TACACS+ - протокол управления доступом к сетевому (и не только) оборудованию. С его помощью администраторы большой сети могут тонко управлять правилами и политиками, разрешающими удаленный доступ на виртуальные и локальные консоли и интерфейс коммутаторов, маршрутизаторов, шлюзов и иных сетевых устройств. Управление паролями, правами (перечнем разрешенных / запрещенных команд), дополнительными атрибутами и привилегиями ведется из единого места. Проводится протоколирование всех набранных команд с целью расследования инцидентов безопасности. TACACS+ описан в RFC 8907, он использует в своей работе протокол TCP-порт 49.
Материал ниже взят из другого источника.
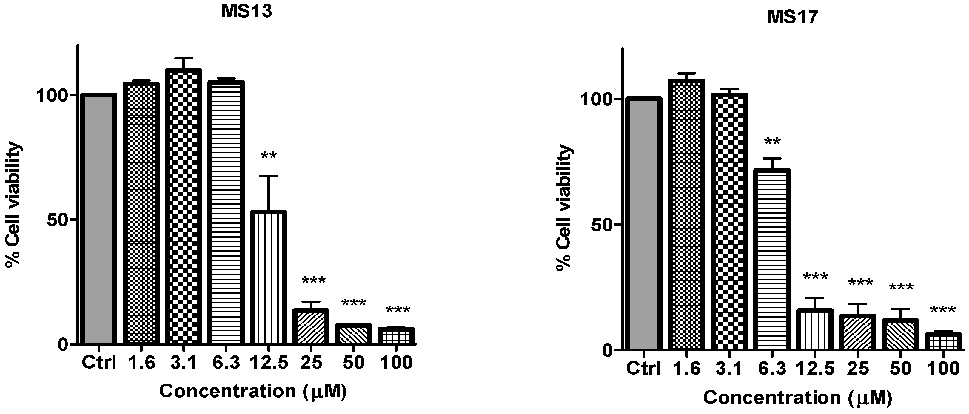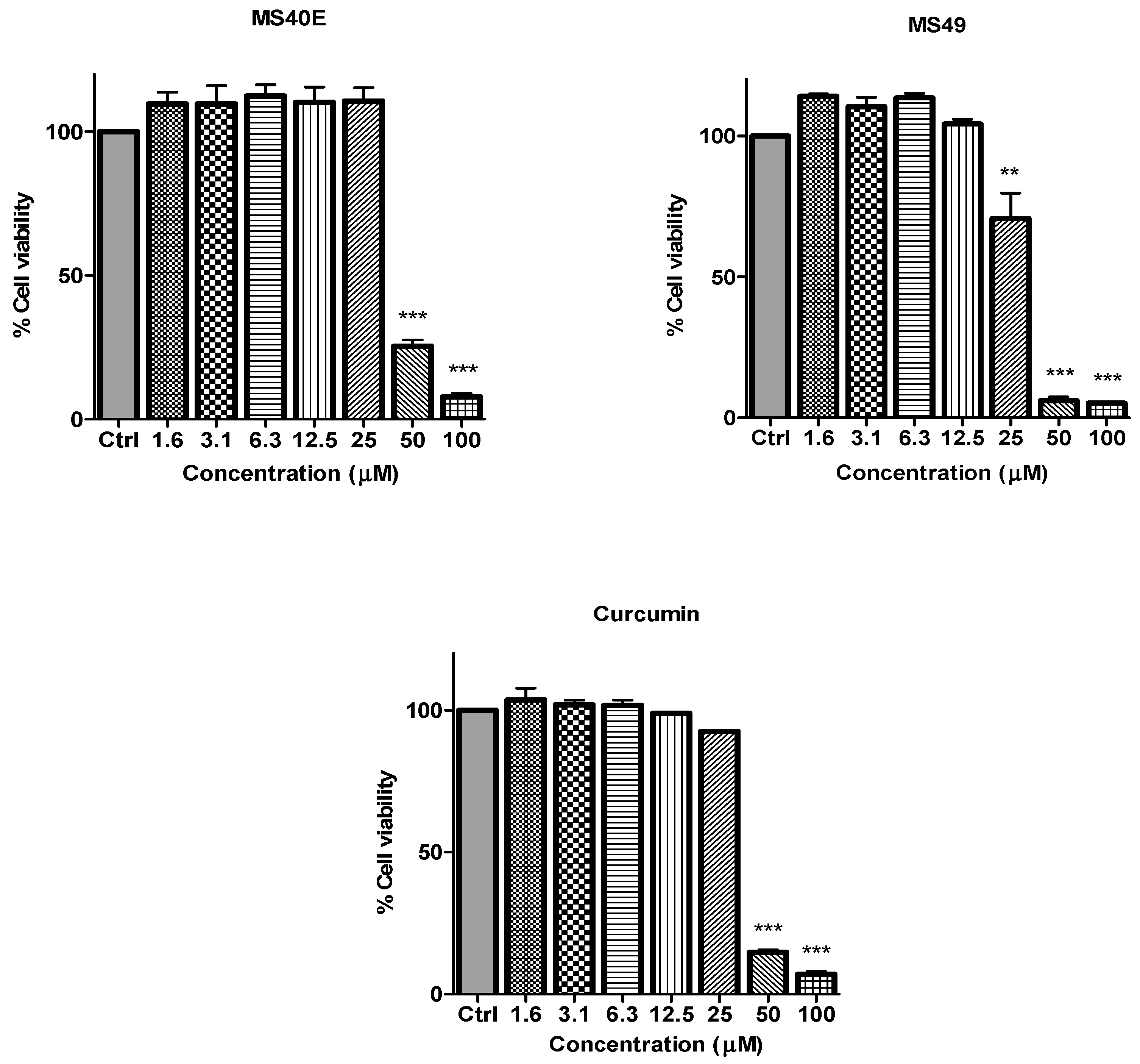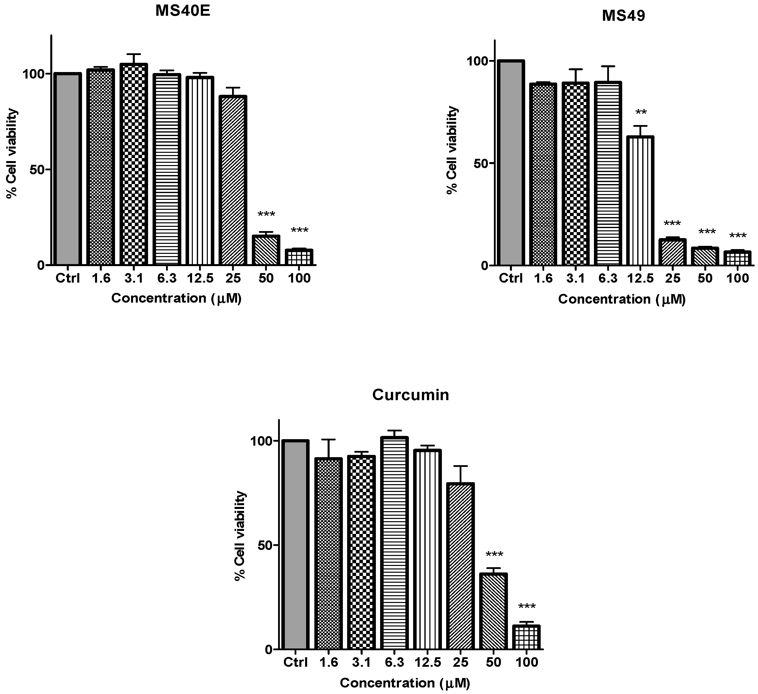 The inhibitory effects of cell viability by curcumin, MS17, MS13, MS40E and MS49 in DU 145 cell line compared to untreated sample (Ctrl). Results are expressed as means ± S.E. from three independent experiments. Percentage cell viability and comparison between data sets performed using ANOVA. ** p < 0.01 and *** p < 0.001 indicates statistically significant differences between the means of values obtained with treated vs. untreated cells.

Начиная с версии 1.6.2956 WNAM в режиме корпоративной авторизации поддерживает контроль и протоколирование доступа администраторов по протоколу TACACS+. Начиная с версии 1.6.2994 поддержка TACACS+ значительно расширена. Для поддержки этой функции необходима дополнительная лицензия WNAM-1.6-TACACSPLUS и пакеты WNAM-1.6-Tхх по числу управляемых устройств: 10, 100, 1000.
- Cisco IOS (Catalyst 2960);
- Cisco ASA (ASAv);
- Cisco NX-OS (Nexus 9000v);
- Cisco IOS XE (Catalyst 8000v, C9800-CL Wireless Controller);
- Cisco IOS XR (XRv 9000);
- Cisco AireOS (vWLC 7.4.100);
- Eltex (MES5332A);
- Huawei S5710
- Juniper (vMX vcp).
Все перечисленные устройства имеют различный подход к взаимодействию с TACACS+ сервером. Например, на части устройств не работает полноценный аккаунтинг набранных команд, а некоторые из устройств не поддерживают авторизацию команд (только аутентификацию и аккаунтинг). Тем не менее, настройки протокола TACACS+ на любом из устройств должна проводиться по документации его производителя, никакой специфики настройки для работы с системой WNAM нет. Если ваше оборудование отсутствует в списке, и авторизация доступа не заработала должным образом, напишите нам. Мы изучим сценарий работы TACACS+ в реализации данного вендора, и проведем необходимые доработки.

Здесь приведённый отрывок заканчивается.